>>

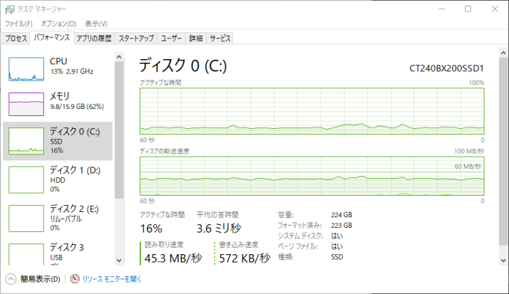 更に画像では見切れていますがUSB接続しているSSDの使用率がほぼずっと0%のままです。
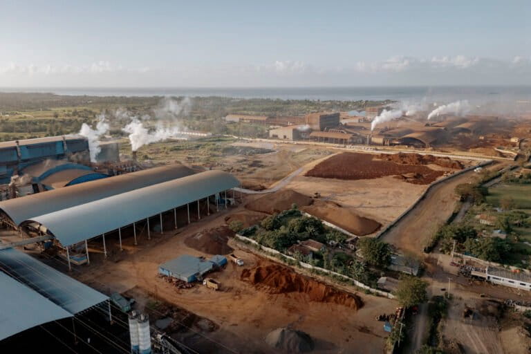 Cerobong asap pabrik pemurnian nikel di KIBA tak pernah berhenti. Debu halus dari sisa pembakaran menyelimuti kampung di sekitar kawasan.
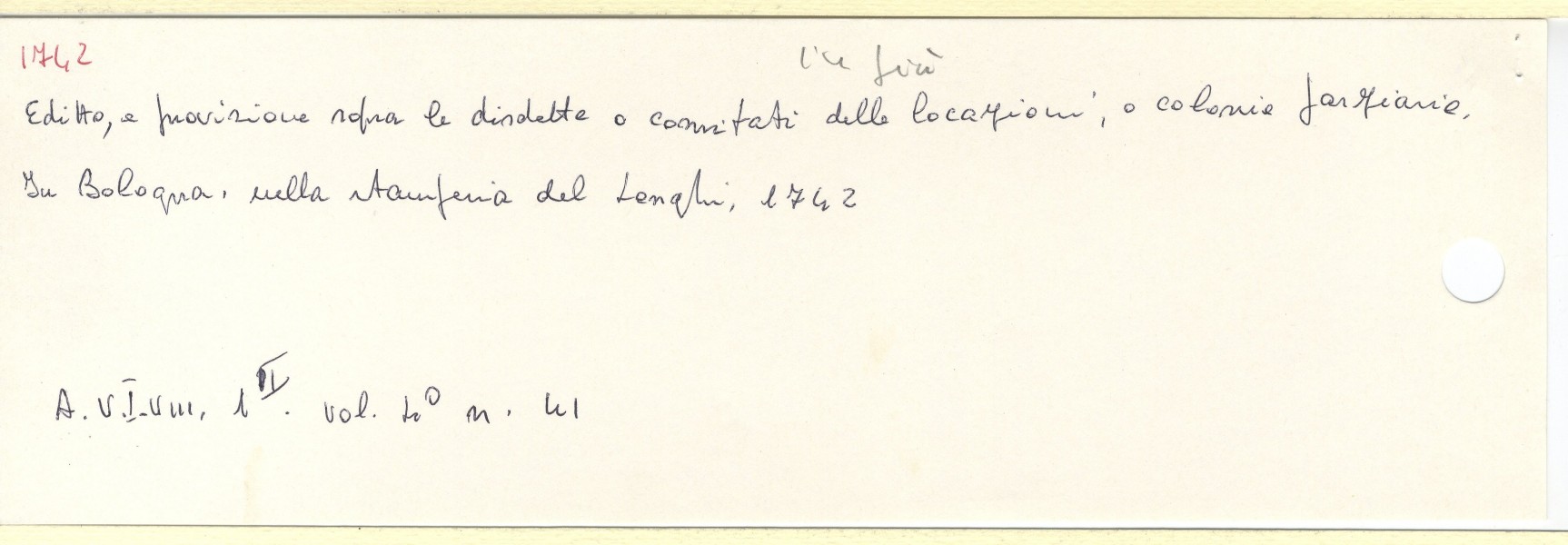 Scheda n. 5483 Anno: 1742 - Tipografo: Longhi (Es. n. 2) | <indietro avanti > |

<<
>>

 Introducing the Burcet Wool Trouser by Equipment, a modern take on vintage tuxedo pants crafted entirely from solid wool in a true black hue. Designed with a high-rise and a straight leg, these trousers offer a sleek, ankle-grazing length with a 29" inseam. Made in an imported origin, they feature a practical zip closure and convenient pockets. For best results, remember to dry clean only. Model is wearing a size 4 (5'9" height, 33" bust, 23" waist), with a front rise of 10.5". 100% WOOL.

<<
>>

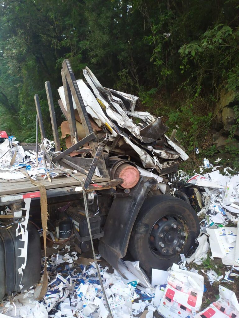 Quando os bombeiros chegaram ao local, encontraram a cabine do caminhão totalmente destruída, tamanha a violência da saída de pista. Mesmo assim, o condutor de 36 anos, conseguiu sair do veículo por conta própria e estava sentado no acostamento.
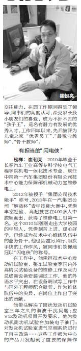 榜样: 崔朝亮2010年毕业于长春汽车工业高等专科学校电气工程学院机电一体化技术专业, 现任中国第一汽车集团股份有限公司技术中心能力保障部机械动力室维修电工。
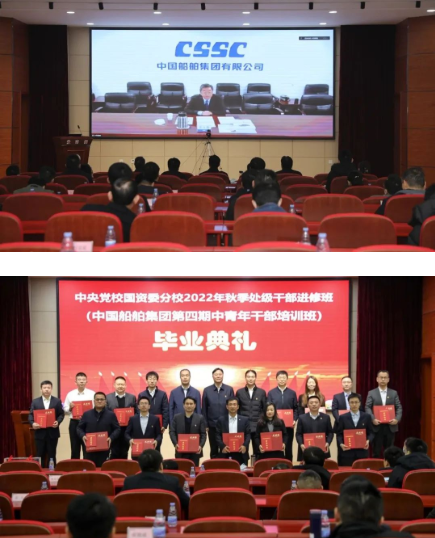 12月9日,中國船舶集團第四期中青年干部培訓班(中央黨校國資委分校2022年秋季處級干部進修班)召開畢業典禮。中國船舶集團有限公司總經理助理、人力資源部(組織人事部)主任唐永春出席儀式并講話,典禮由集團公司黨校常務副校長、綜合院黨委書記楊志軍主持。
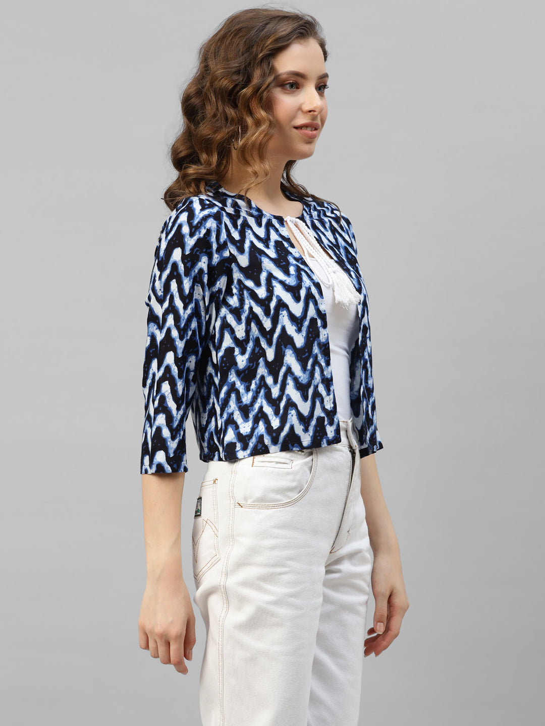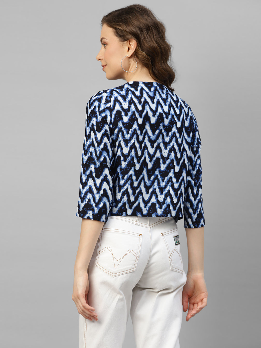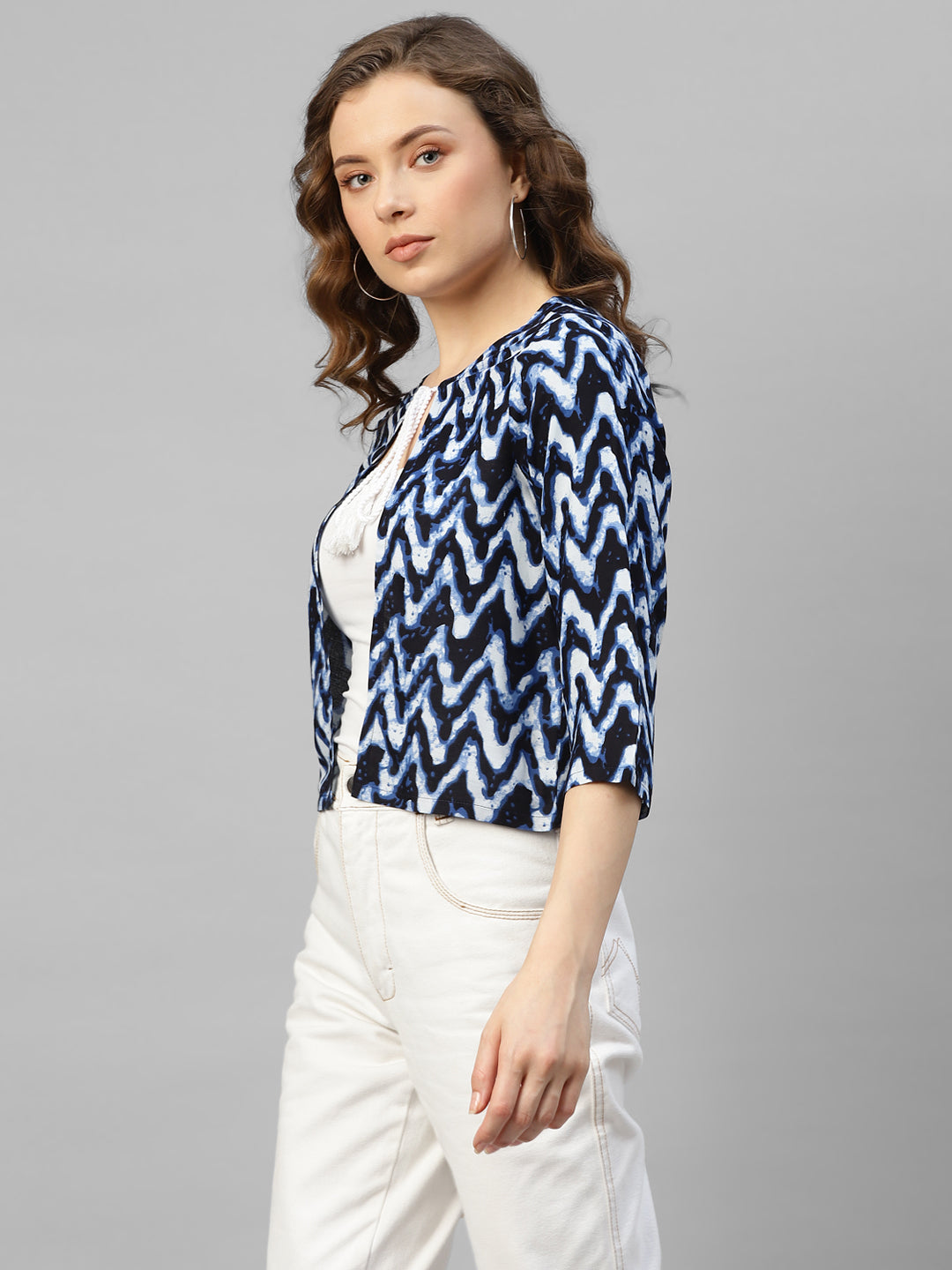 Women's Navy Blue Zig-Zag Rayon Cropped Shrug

<<

**TASK INSTRUCTIONS**
Starting with the line that has "更に画像では見切れていますが" and going on through the line that has "Scheda n. 5483", transcribe the records above exactly, but skip the pictures.

**COMPLETED EXERCISE**
 更に画像では見切れていますがUSB接続しているSSDの使用率がほぼずっと0%のままです。
 Cerobong asap pabrik pemurnian nikel di KIBA tak pernah berhenti. Debu halus dari sisa pembakaran menyelimuti kampung di sekitar kawasan.
 Scheda n. 5483 Anno: 1742 - Tipografo: Longhi (Es. n. 2) | <indietro avanti > |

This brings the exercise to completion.